Choose a Whole Food Multivitamin
Take a whole food, superfood multi-vitamin to help restore the vitamins and minerals that are needed for HCL production. B vitamins are especially important. Look for niacin, thiamine, and pyridoxal-5-phosphate (the active form of vitamin B6).
Use Food Combining Techniques for proper digestion
Proper food combining takes pressure off your digestive system. Do not eat proteins and carbohydrates/starches together. Carbohydrates reduce the production of HCL and protein requires HCL to be digested. Instead, pair proteins with low-starch vegetables. To aid the body in digesting animal protein, soak meats in acidic mediums such as lemon or lime juice, tomato juice, apple cider vinegar, etc. Marinating meats is a good way to pre-digest or pre-cook them. Always eat good fats when you eat proteins. Protein stimulates stomach acid production, and protein and fats stimulate the gall bladder to dump bile into the small intestines. Good fats also are needed by the liver in order to produce bile. Eat starches/carbohydrates with vegetables, but eat fruit alone – not with meals. When possible, eat dandelion greens with meals in soups or as greens to increase production of HCL. You should also consider the spices you use in cooking, which can stimulate stomach acid production and appetite.
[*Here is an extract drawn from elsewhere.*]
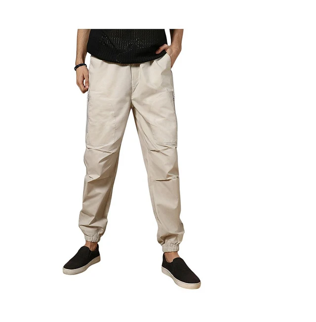 Campus Sutra Men's Saltbox Beige Parachute Utility Trousers

Did you know digestion starts in the mouth? Chew foods thoroughly to stimulate digestive enzymes in the mouth and to break up foods into the smallest particles possible for better digestion.
Stop eating before bedtime
Try to eat three to four hours before bedtime. If you eat too late, the body struggles to complete the digestive process during the time it is naturally trying to rest. Don’t lie down immediately after eating. If you must lie down, prop yourself up with pillows so that head and upper torso are raised to aid the digestion. Avoid snacking in between meals in order to allow time for your body to digest foods properly.
Drink Hot Tea with your meal – not Cold Water
Never drink ice water with meals as it inhibits production of stomach acid and slows down digestion. If you would like a drink with your meal, try adding warm ginger tea, which increases the production of HCL. You can also drink dandelion root tea to increase production of HCL.
If you don’t prefer tea, make a warm lemon water (use the juice of 1/2 lemon) at the beginning of your meal. You can even drink 4 ounces of freshly juiced cabbage juice to help with digestion and stomach acid production.
Use a live-source Hydrochloric Acid Supplement
Another way to boost HCL is to take a live-source hydrochloric acid supplement after your meals. The goal is to restore the body’s ability to produce its own HCL, but until this occurs take Betaine HCL. See “Do You Have Enough Stomach Acid?” NOTE: If you are taking medications, consult with your physician to make sure that Betaine hydrochloride supplements will not cause adverse reactions in tandem with certain medications.